Se estivéssemos em Londres, a reclamação seria muito pior. Lá todo mundo está correndo quase o tempo todo, ainda que eu desconfie que ninguém saiba muito bem para onde. Ou para quê.

A cena de Katerine deitada na cama, me observando voltar para ela como quem vê o que há de mais precioso no mundo veio em minha mente. Ela ainda estava falando um monte de besteiras – metade delas, eu nem entendia. Não pelo português (okay, maybe a little), mas sim pela forma enrolada que as palavras eram proferidas. Katerine bêbada era faladeira e eu achava uma graça. Katerine bêbada também era sexy, o que era um perigo para minha sanidade mental.

Do que eu estava falando? Não existia mais sanidade mental quando ela estava por perto.

No meio daquela chuva de palavras sem sentido, quatro chamaram atenção.
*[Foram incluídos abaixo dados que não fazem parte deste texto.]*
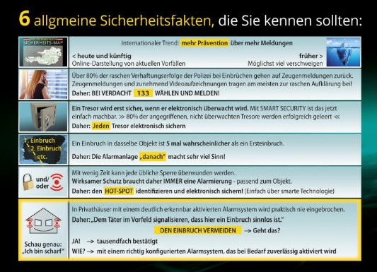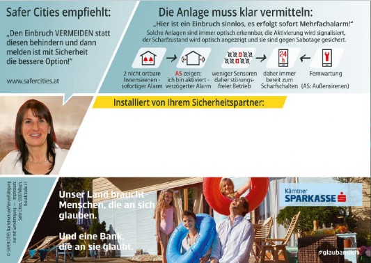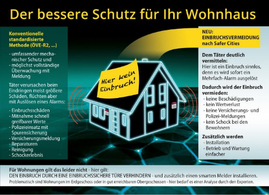Dieser Folder zeigt Eigenheimbesitzern, dass eine nach safer cities modifizierte klassische Alarmanlage einen deutlich besseren Schutz bietet als es mit Smarten Meldern möglich wärde.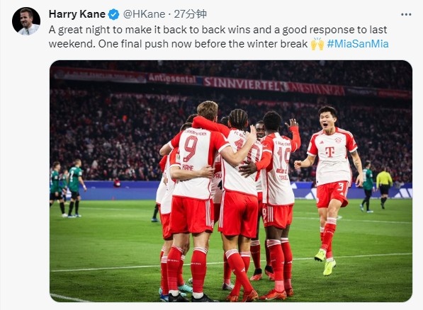 12月18日讯 本轮德甲,拜仁主场3-0战胜斯图加特,凯恩梅开二度。赛后凯恩发推庆祝:“这是一个很棒的夜晚,这使得我们能够收获连胜,并且能够对上周的表现做出一个

Quatro ressoaram no quarto como se tivessem sido ditas em um megafone. Na verdade, não passaram de um suspiro quase que inaudível.

— Eu te amo, Alexander.

Ela dormiu no segundo seguinte e eu demorei diversos minutos para pregar o olho. A sensação que me acometeu no momento que ela terminou de falar as palavras era exatamente a mesma que me acometia agora, parado no meio da calçada. Primeiro, uma onda de agitação e excitação. Depois, um choque de realidade, agonia e uma pitada de tristeza.

Passei todo o tempo acordado na noite anterior olhando para minha assinatura no gesso. Será que ela já tinha visto? Será que isso havia influenciado o que ela disse? Será que ela estava com medo de me confrontar sobre o que eu tinha escrito lá? Ou será que ela estava com mais medo ainda era de confrontar a forma que se sentia?